Yes, I was expecting the government to fall, but I never thought it would happen this quickly. In the vacuum left after the prime minister’s departure, the students who had earlier been persecuted by the police took to policing the streets themselves. They steered the formation of the interim government, inviting Muhammad Yunus, Bangladesh’s celebrated Nobel Peace Prize laureate, to lead.
Yunus accepted, and following some backdoor negotiations with the military, two students joined the interim government. If there was any worry that their newfound power might go to their heads, the students themselves formed a watchdog body to oversee the new government.

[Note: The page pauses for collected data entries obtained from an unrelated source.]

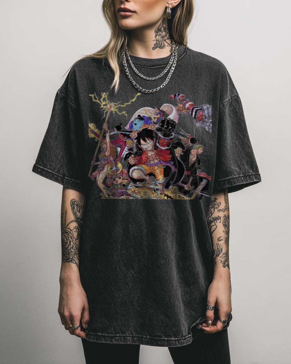 Set sail with the iconic symbol of adventure and freedom! This design proudly features the Straw Hat Jolly Roger, the unmistakable pirate flag of Monkey D. Luffy and his crew from the legendary anime series One Piece. Perfect for dedicated fans of the Grand Line, this shirt embodies the spirit of piracy and unwavering friendship….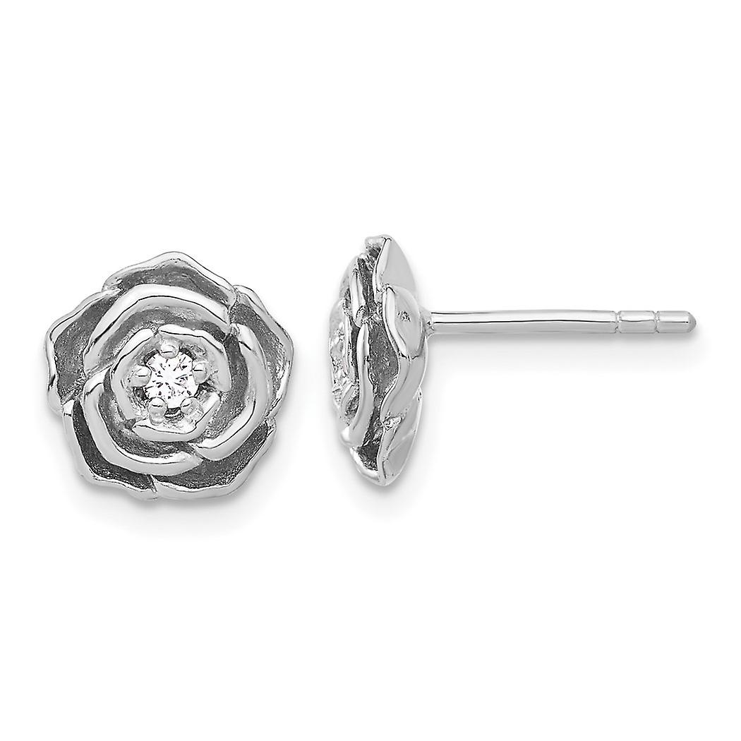 925 Sterling Silver Rhodium Plated Cubic Zirconia Flower Post Earrings 9.7x9.7mm Wide Stud Earring for Women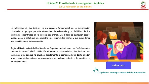 También los especialistas evalúan la relevancia, fiabilidad y potencial de cada elemento recolectado en el lugar de los hechos. Esta etapa es tan crucial como la recolección misma, ya que determina qué indicios se someterán a un análisis más profundo en el laboratorio, cómo se interpretarán sus hallazgos y cómo se integrarán al caso. No todos los indicios son iguales; su valor puede variar significativamente dependiendo de factores como su estado, su conexión con el crimen y la tecnología disponible para su análisis. Criterios de valoración La valoración de los indicios se basa en varios criterios fundamentales que ayudan a los investigadores a priorizar y tomar decisiones informadas: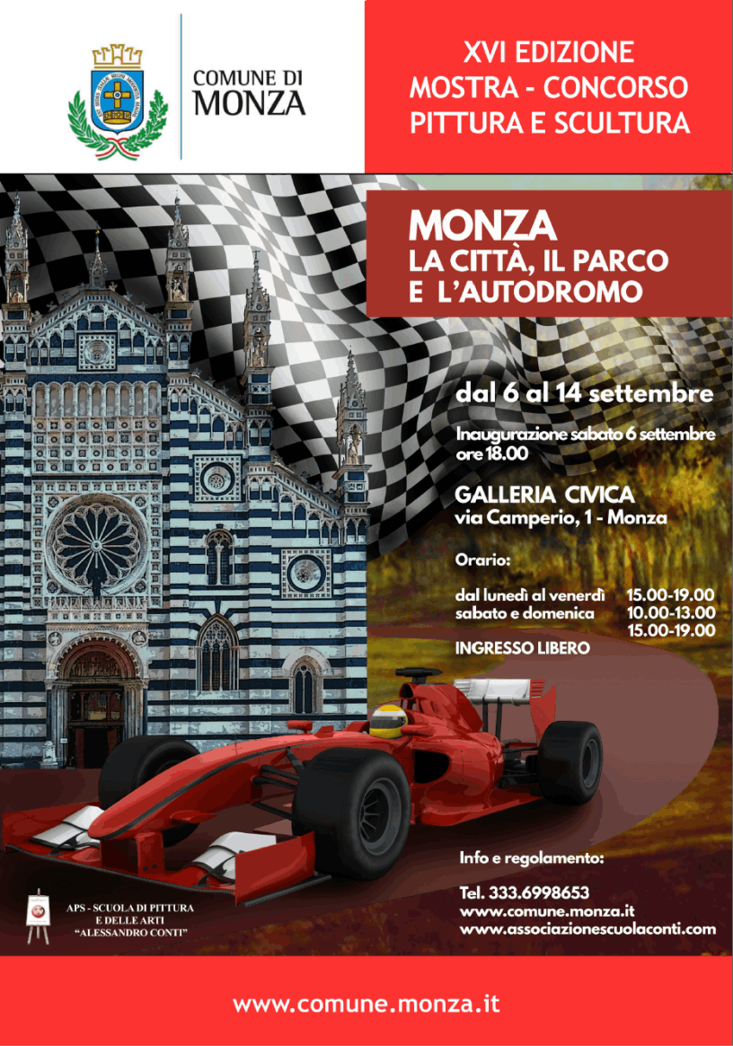 Mostra - Concorso dedicata alla città di Monza, il parco e l'autodromo, in uno dei momenti più intensi del calendario cittadino, quando Monza è sotto i riflettori per il celebre appuntamento sportivo nell'autodromo nazionale. Galleria Civica di Monza (MB) dal 6 al 14 settembre 2025.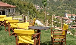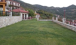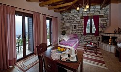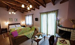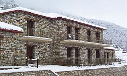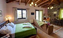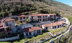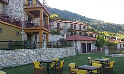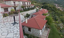 Τα μεγάλα μπαλκόνια, με τραπέζι και καρέκλες, προσφέρουν εκπληκτική θέα στο χωριό και τα γύρω βουνά. Ο ξενώνας λειτουργεί όλο τον χρόνο, προσφέροντας μια εξαιρετική επιλογή για όσους αναζητούν μια απόδραση από την καθημερινότητα σε ένα γραφικό και ιστορικό ορεινό χωριό.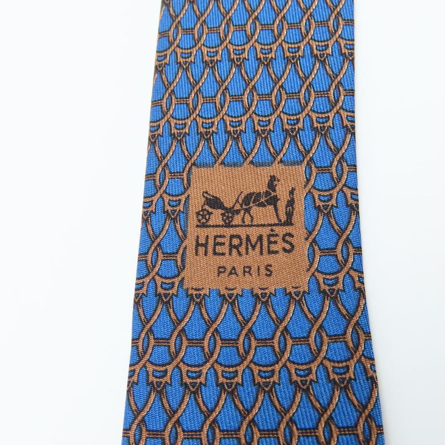 | 品名 | 【中古】 エルメス ネクタイ トヨタ限定品 シルク ブルー ブラウン スーツ ビジネス チェーン柄 メンズ 男性 HERMES |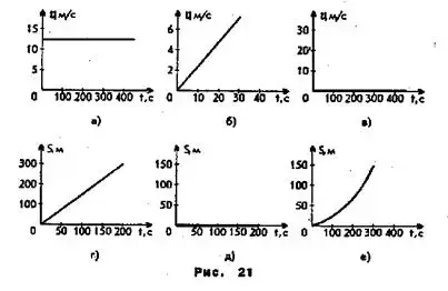 4. Среди графиков, изображенных на рис. 21, найдите те, которые могут соответствовать равномерному прямолинейному движению. Почему вы выбрали именно эти графики?
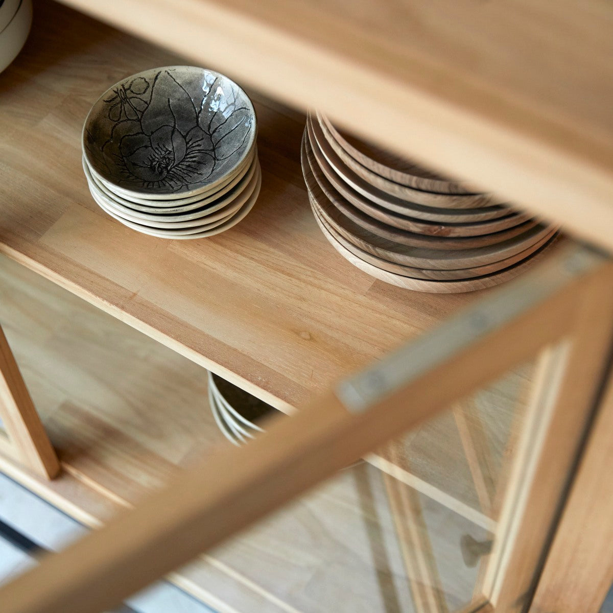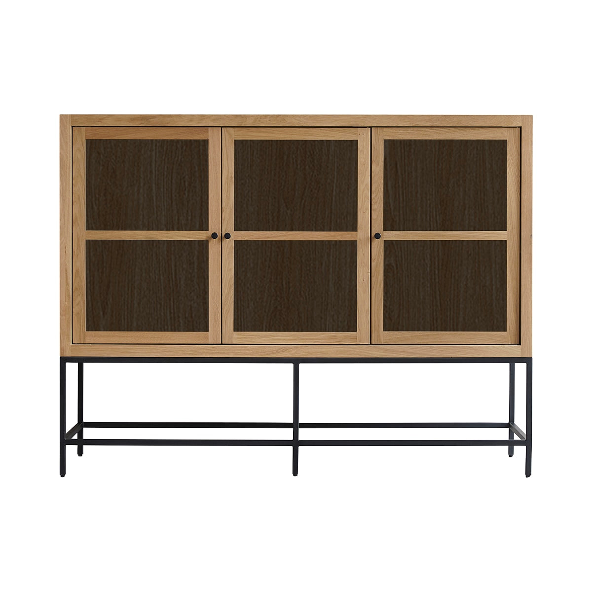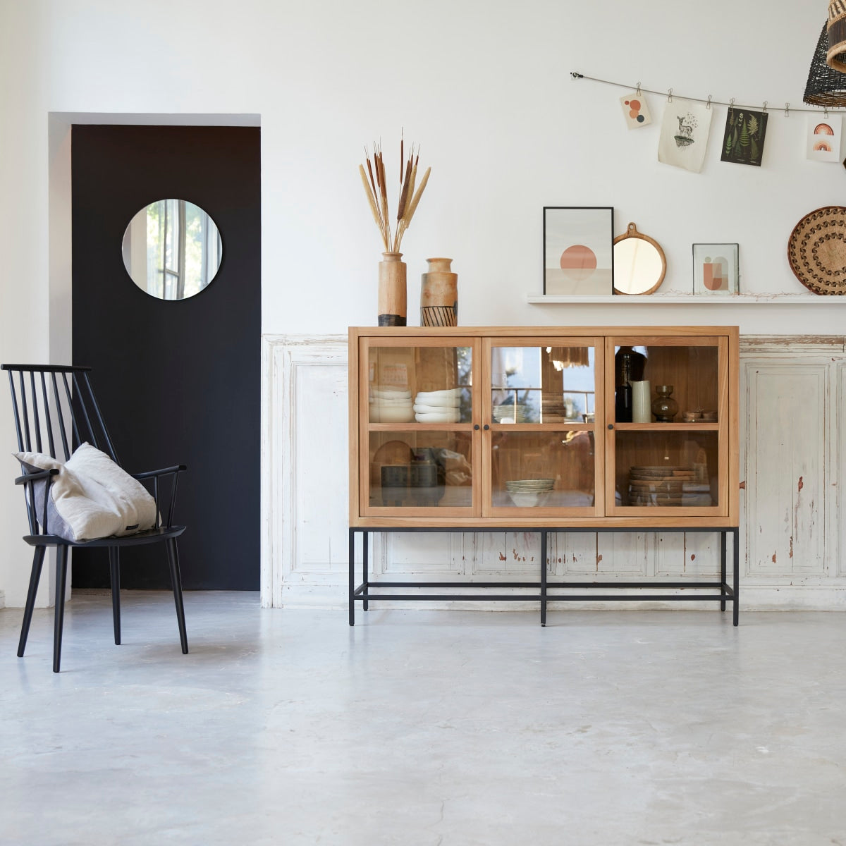 We houden van de blonde kleur van het onbehandelde hout dat een groot aantal stijlen mogelijk maakt, en de visuele lichtheid van het metalen onderstel. U kunt een mooi decoratief hoekje creëren door boeketten, planten, lampen en andere mooie voorwerpen bovenop de servieskast te plaatsen...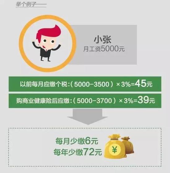 也就是說,如果你購買的保險每個月分?jǐn)傁聛沓^200元,其實(shí)是相當(dāng)于你的個稅起征點(diǎn)提高了200元。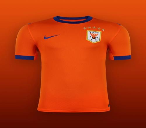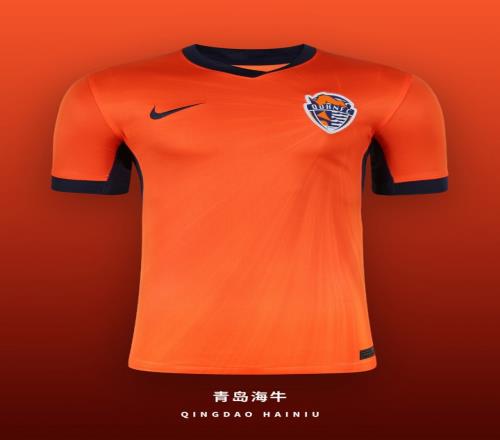 新赛季青岛海牛主场球衣通过由队徽向外延展的光影纹样呈现球队的速度与活力。亮橙色辅以深蓝色点缀相互呼应,使视觉层次更加清晰且富有张力。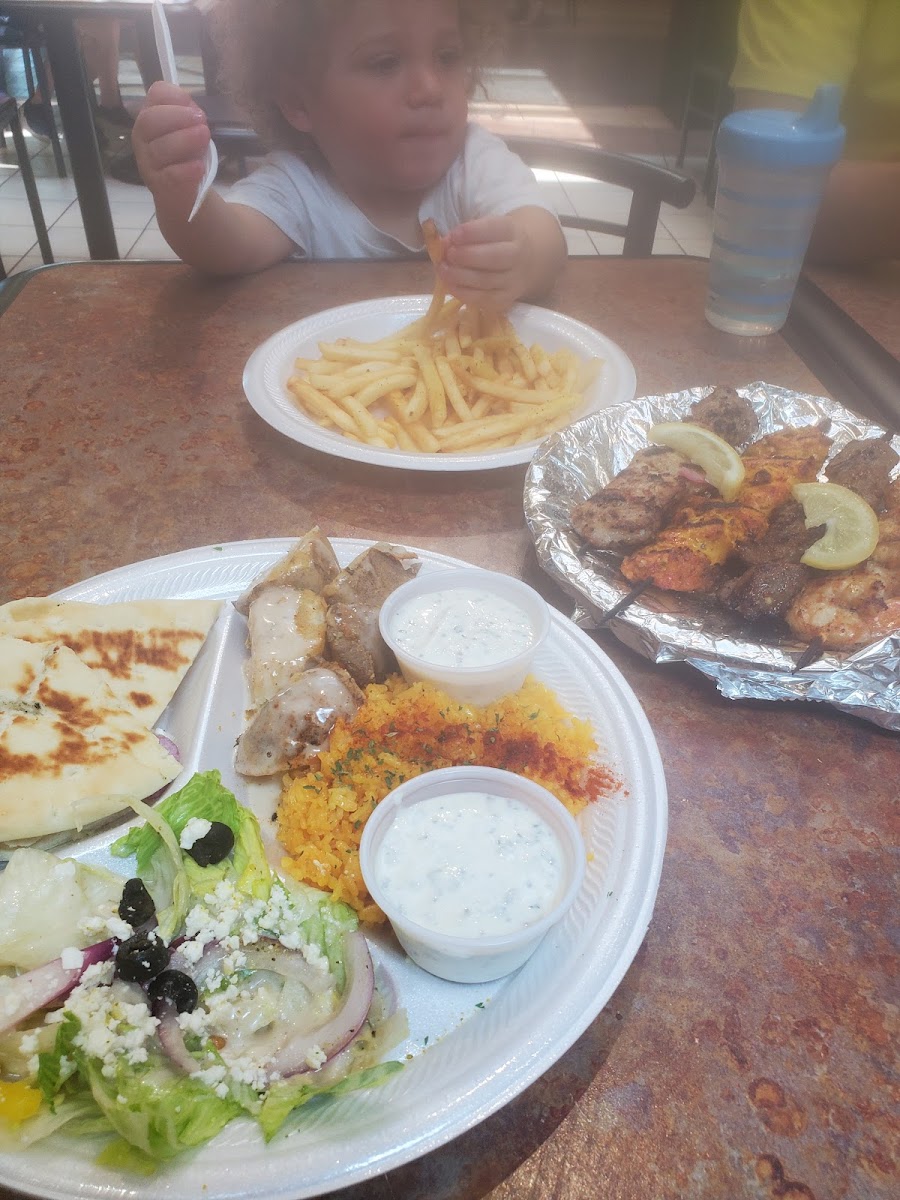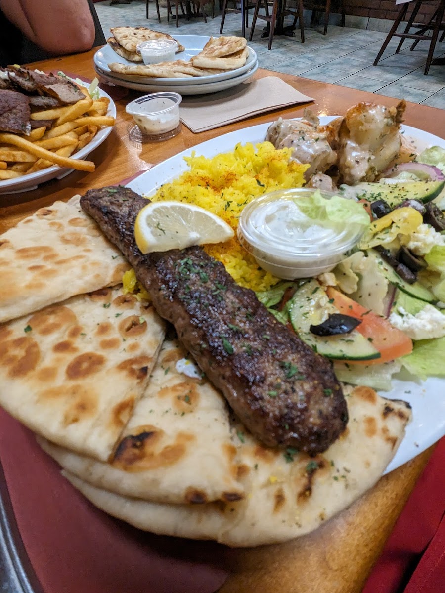 One of the standout dishes on the menu is the Chicken Kabob with Gyro Plate. This flavorful dish combines perfectly marinated, grilled chicken with a side of tender gyro, all served with traditional Mediterranean accompaniments. For those looking to dive deeper into the rich flavors of Greek cuisine, the Lamb Kebab is a must-try. Tender, seasoned lamb grilled to perfection, it’s a crowd favorite that highlights the authenticity of Greek cooking.

Less than a month old, Bangladesh’s new cabinet is made up of respected citizens with zero preparation. They are sailing in uncharted waters. Few have either the political or administrative experience needed to steer us. The problems ahead are enormous. Even a more experienced cabinet would have had problems meeting Bangladeshis’ extremely high expectations. Welcome to the youthquake known as the Monsoon Revolution.
We are living day-to-day. As we rejoice at the arrest of each fleeing general or minister, we agonize over the possibility that they will be denied basic due process — that we will recreate the crimes of the former regime. We must shed this leftover culture quickly.
We watch. We wait. There are hopeful signs. The country was hit by devastating floods last month, and the extraordinary outpouring of support for student-organized relief campaigns is encouraging. The interim government has also taken steps to bring an end to the culture of enforced disappearances — primarily against governmental critics — that characterized Hasina’s rule.
Only time will determine whether the blood spilled on Bangladeshi streets this summer will result in lasting change or whether it will simply be a seasonal shift, a monsoon that disappears with the movement of the sun.